Jurors this week awarded home sellers $1.78 billion in damages for an alleged conspiracy between the National Association of Realtors and residential brokers to inflate broker commissions.
The class action lawsuit was brought by home sellers who listed their houses in multiple listing services for the Kansas City metropolitan area, the St. Louis metropolitan area, the Southern Missouri area, and the Columbia, Missouri area, and sold them between 2015 and 2022.
In order to list their houses, the suit states, brokers for home sellers were required to offer to pay compensation, usually about two or three percent of the home sales price, to the buyer broker. In addition, according to the plaintiffs, buyer brokers often will not show homes to clients when a seller is offering a lower commission. If buyers paid their own brokers, the plaintiffs argued, the compensation would not be so high.
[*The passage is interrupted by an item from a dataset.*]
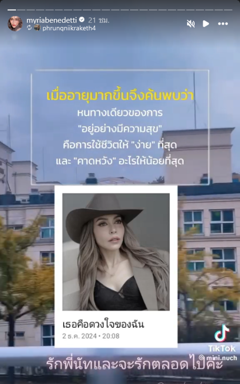โดย นัท มีเรีย ได้แชร์โพสต์คำคมผ่านสตอรี่ ไอจี ว่า เมื่ออายุมากขึ้นจึงค้นพบว่า หนทางเดียวของการอยู่อย่างมีความสุข คือการใช้ชีวิตให้ง่ายที่สุด และ คาดหวัง อะไรให้น้อยที่สุด

The defendants found liable include the National Association of Realtors, Keller Williams, and HomeServices of America (owned by Berkshire Hathaway). Re/Max and Anywhere Real Estate (whose subsidiaries include Coldwell Banker and Century 21) settled before trial, for $55 million and $83.5 million, respectively. In addition to monetary compensation, the settlement included an agreement not to set minimum commissions and to remove software that filters listings by broker compensation. The National Association of Realtors and HomeServices of America plan to appeal.
“We stand by the fact that NAR rules serve the best interests of consumers, support market-driven pricing and advance business competition,” National Association of Realtors President Tracy Kasper said in a statement after the verdict.
Under U.S. antitrust law, the verdict may be tripled to over $5.3 billion.
Immediately after the verdict, another lawsuit was filed in Missouri asserting that the rule requiring home sellers to pay buyer broker commissions violates the Sherman Antitrust Act. According to the ABA Journal and Law360, a similar lawsuit is pending in the U.S. District Court for the Northern District of Illinois.
The U.S. Department of Justice has investigated the National Association of Realtors in the past for conduct potentially impacting competition in the real estate market and harming home sellers and buyers. According to the DOJ, American home buyers and sellers paid over $85 billion in residential real estate commissions in 2020.
Additional Reading
Jury finds real estate agents conspired to keep commissions high, awards $1.78B, ABA Journal (November 1, 2023)
Realtors found liable for $1.8 billion in damages in conspiracy to keep commissions high, CNN (October 31, 2023)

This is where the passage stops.